Work instruction: Your job is to print, exactly, the lines in the data below from the line with "上一条:70周年校庆系列学术" through the line with "In conjunction with", both included, and to omit any picture.

Source data:
- - -

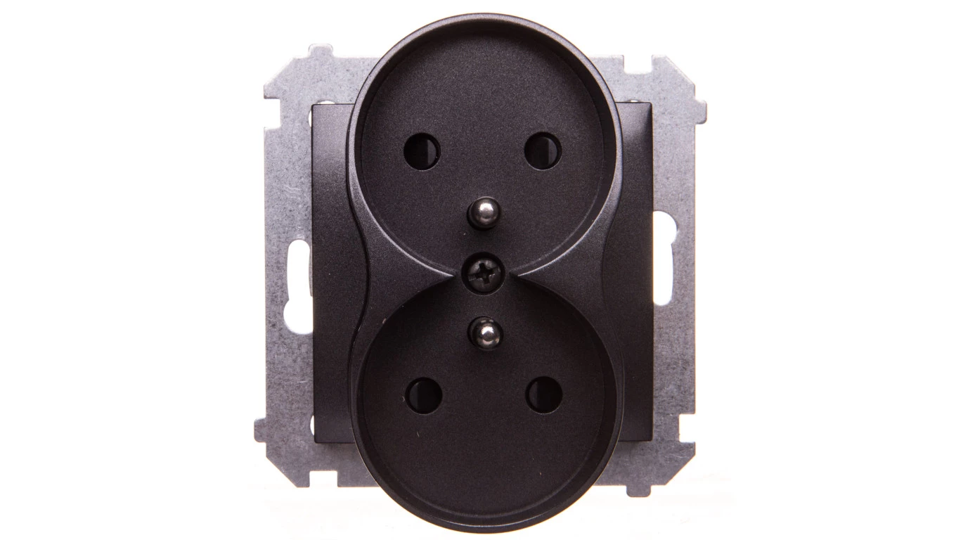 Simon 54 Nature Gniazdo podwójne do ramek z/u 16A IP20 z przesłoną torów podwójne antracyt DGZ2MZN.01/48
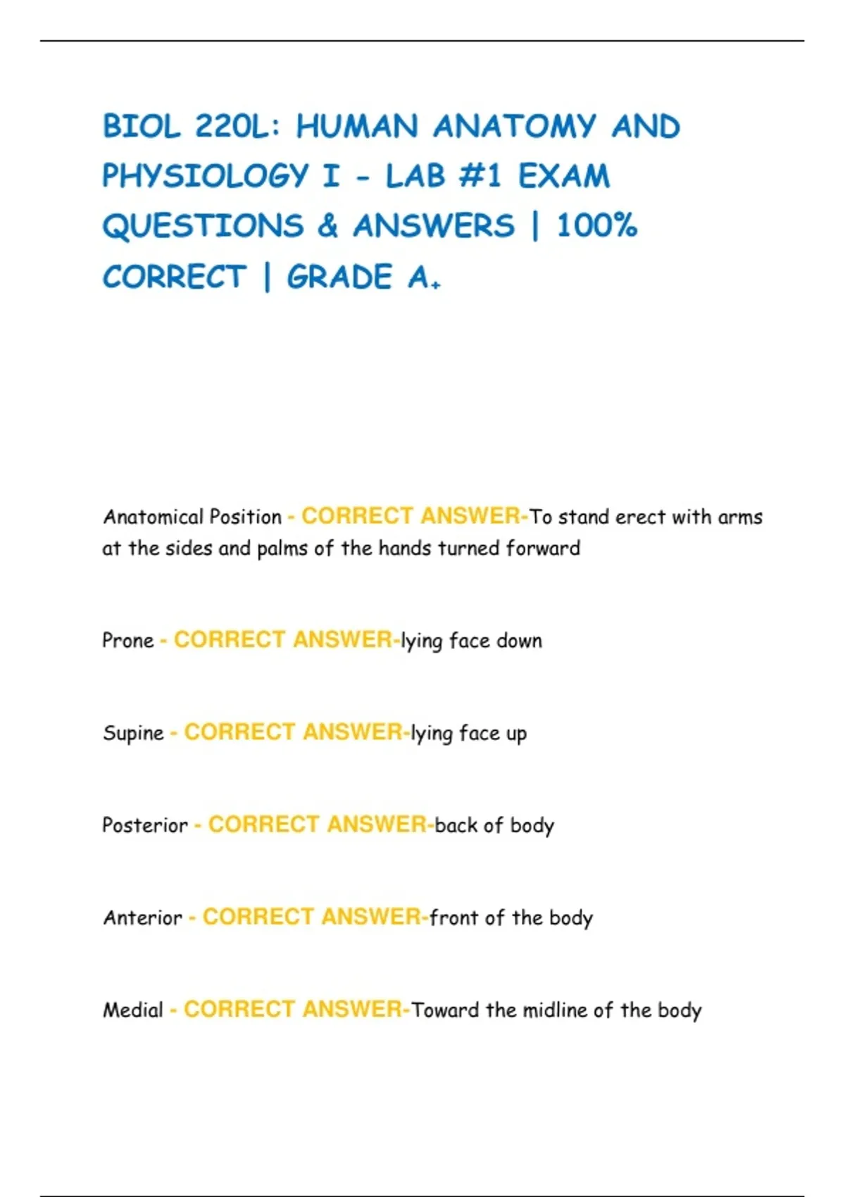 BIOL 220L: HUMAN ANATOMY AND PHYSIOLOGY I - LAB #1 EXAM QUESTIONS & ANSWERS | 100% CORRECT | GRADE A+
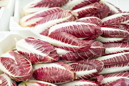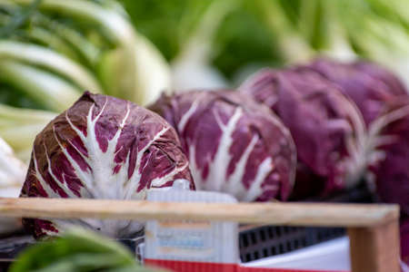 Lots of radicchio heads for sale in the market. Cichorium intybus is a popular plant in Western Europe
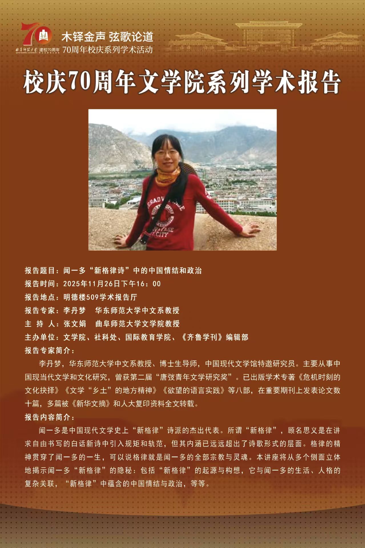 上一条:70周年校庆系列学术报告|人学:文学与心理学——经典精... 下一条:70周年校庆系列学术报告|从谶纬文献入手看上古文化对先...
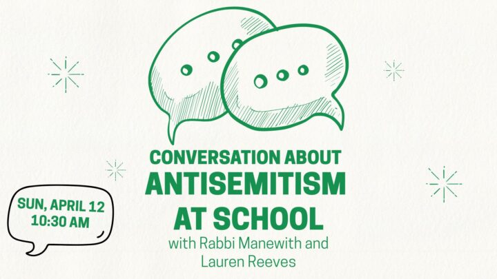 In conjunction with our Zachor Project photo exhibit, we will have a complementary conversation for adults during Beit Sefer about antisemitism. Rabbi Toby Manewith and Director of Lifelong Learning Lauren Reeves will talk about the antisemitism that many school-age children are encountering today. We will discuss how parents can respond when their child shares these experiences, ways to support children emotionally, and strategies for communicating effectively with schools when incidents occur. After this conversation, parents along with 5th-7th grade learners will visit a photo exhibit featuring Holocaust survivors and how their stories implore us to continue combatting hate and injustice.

- - -

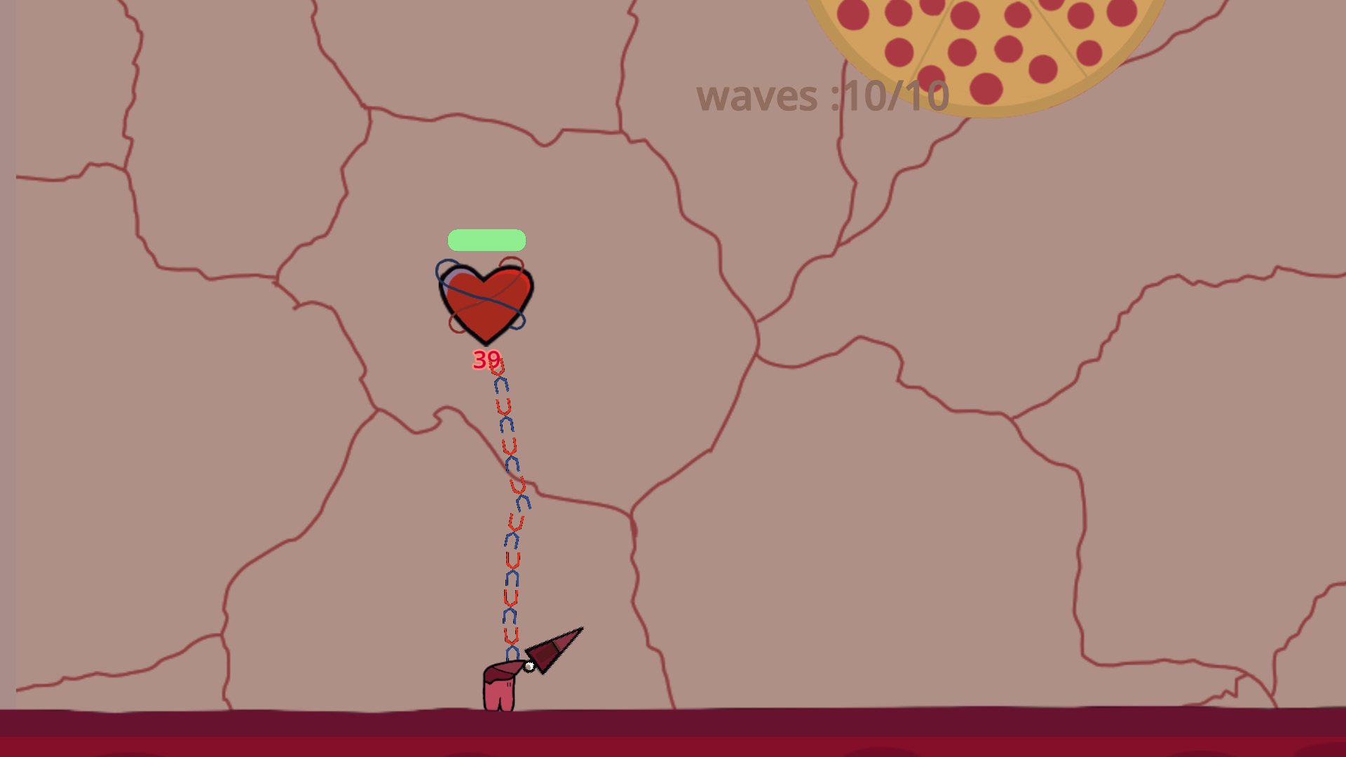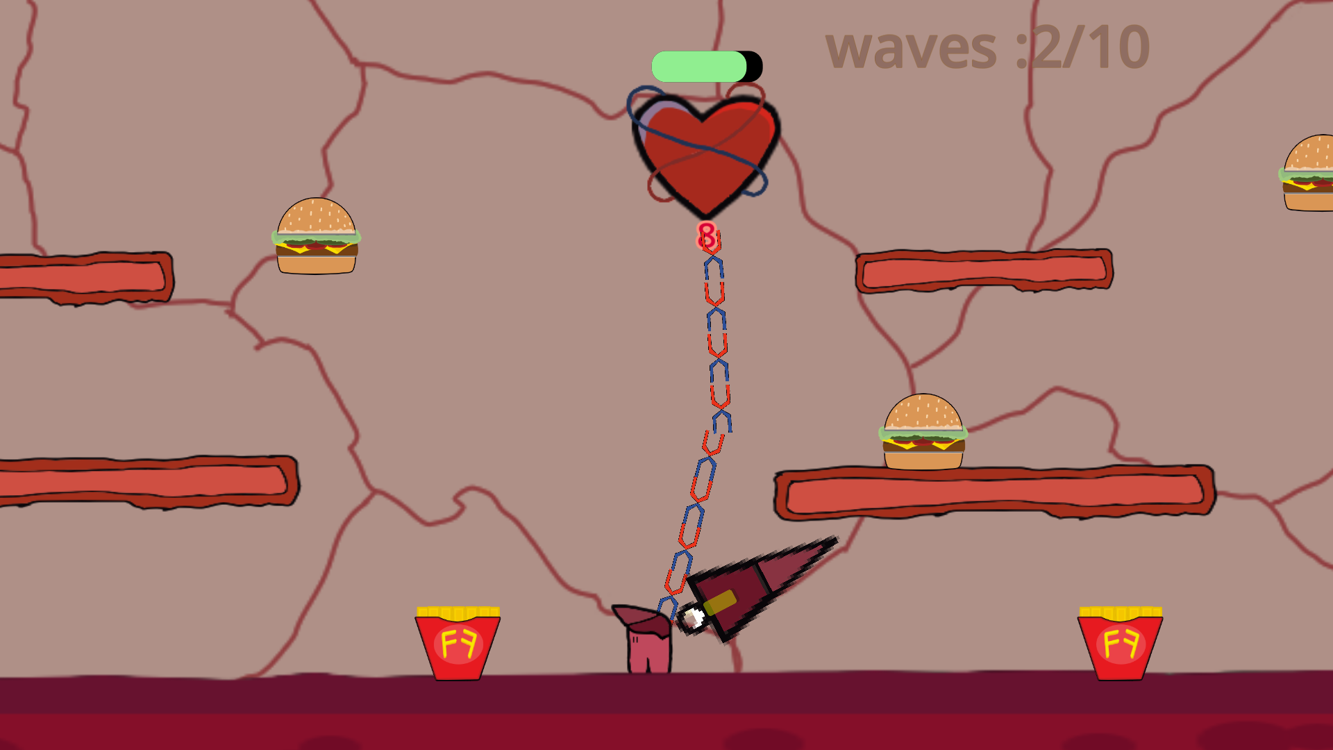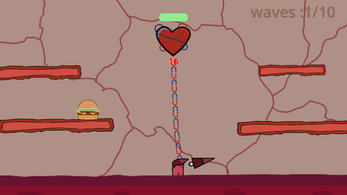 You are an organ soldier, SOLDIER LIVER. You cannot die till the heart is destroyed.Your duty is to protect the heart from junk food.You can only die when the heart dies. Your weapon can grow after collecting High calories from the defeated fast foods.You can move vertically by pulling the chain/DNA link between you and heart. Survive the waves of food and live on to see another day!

- - -

Response area:
 上一条:70周年校庆系列学术报告|人学:文学与心理学——经典精... 下一条:70周年校庆系列学术报告|从谶纬文献入手看上古文化对先...
 In conjunction with our Zachor Project photo exhibit, we will have a complementary conversation for adults during Beit Sefer about antisemitism. Rabbi Toby Manewith and Director of Lifelong Learning Lauren Reeves will talk about the antisemitism that many school-age children are encountering today. We will discuss how parents can respond when their child shares these experiences, ways to support children emotionally, and strategies for communicating effectively with schools when incidents occur. After this conversation, parents along with 5th-7th grade learners will visit a photo exhibit featuring Holocaust survivors and how their stories implore us to continue combatting hate and injustice.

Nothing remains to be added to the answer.